Four other mills were set up using the Paul-Wyatt machinery in the following years. Edward Cave – publisher of The Gentleman's Magazine and one of the friends of Dr Johnson who had funded the development of Paul and Wyatt's invention – experimented in London with running the machinery by hand and by 1742 had set up 250 spindles at Marvell's Mill, a watermill in Northampton. This was the first cotton mill to be driven by water power. Cave experienced similar problems organising his workforce to Paul and Wyatt ("I have not got half my people come to work today" he wrote to Wyatt, "and I have no great fascination in the prospect I have to put myself in the power of such people") and the mill generated little profit, but was to continue operation until about 1764. Samuel Touchet set up a second Birmingham mill in conjunction with Paul and Wyatt in 1744; little is known of its fate, but it was sufficiently encouraging for Touchet to lease the Northampton mill from Cave for a period up to 1755.

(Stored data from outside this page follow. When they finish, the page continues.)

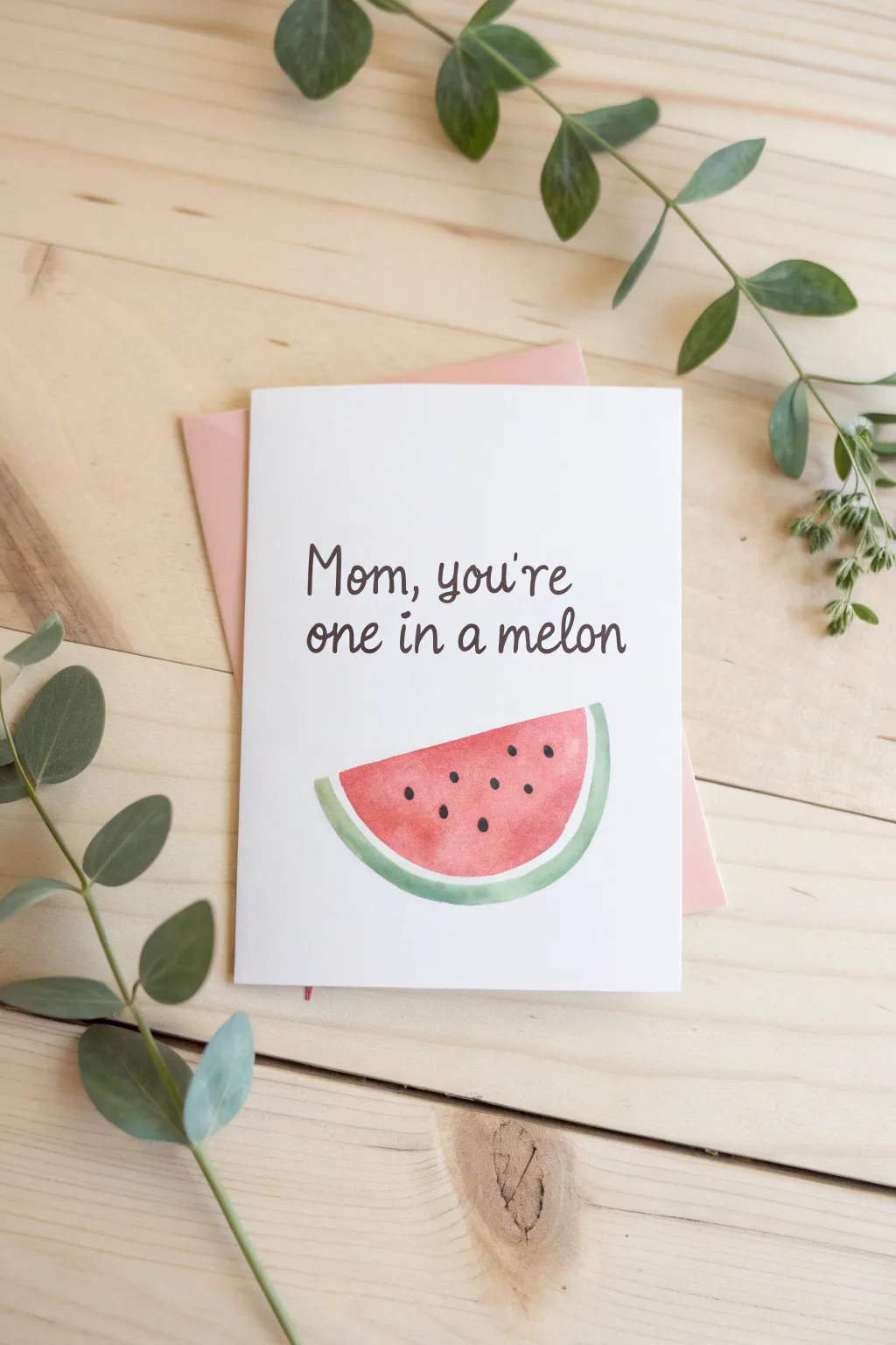 Use a vibrant watermelon design and the phrase, ‘Mom, you’re one in a melon.’ My mom loved the summery feel of this one.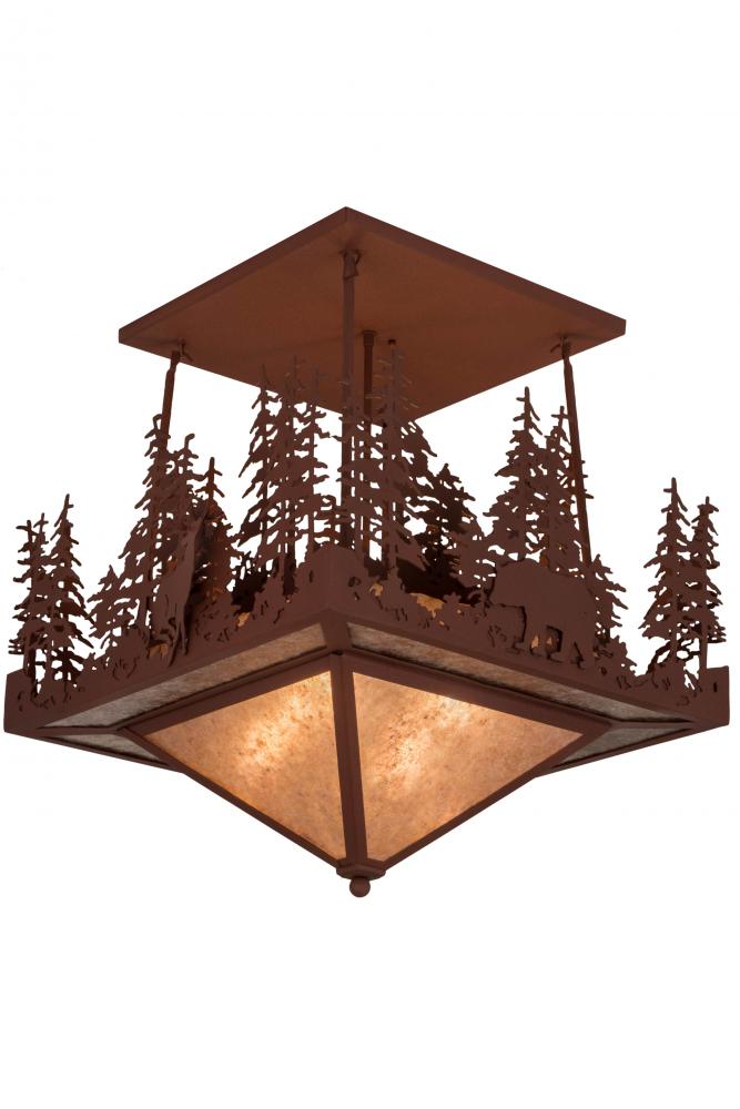 The call of the wild comes to light with a Deer and Grizzly Bear roaming among a vast stand of Pine Trees around a woodland lake as the brilliant afternoon sun sets in the background. Beautiful ambient light shines through Silver Mica which is enhanced with a frame; hardware and decorative accents featured in a Rust finish. The fixture is custom crafted by highly skilled artisans in its manufacturing facility at the foothills of New York's glorious Adirondack Mountains. This ceiling fixture is available in custom designs; styles; sizes and dimmable energy efficient lamping options such as LED. This fixture is UL and cUL listed for damp and dry locations.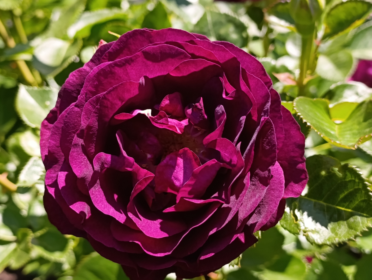 Цветки глубокого, бархатистого пурпурного оттенка, старомодной формы, густо-махровые, с интенсивным ароматом гвоздики и лимона. Округлый куст со слегка изогнутыми побегами, темно-зеленой, полу-глянцевой листвой.

The final mill was Pinsley Mill established by Daniel Bourn in Leominster. This may have been in operation by 1744, but is first mentioned in 1748, when both Bourn and Paul patented machinery for carding cotton - a premilinary process that must be undertaken before spinning. Bourn's mill burned down in 1754 but must have had a considerable reputation, as the Manchester Mercurys report of the fire described it as being "erected there with great expense and skill" and "viewed with great pleasure and admiration by travellers and all who had seen them"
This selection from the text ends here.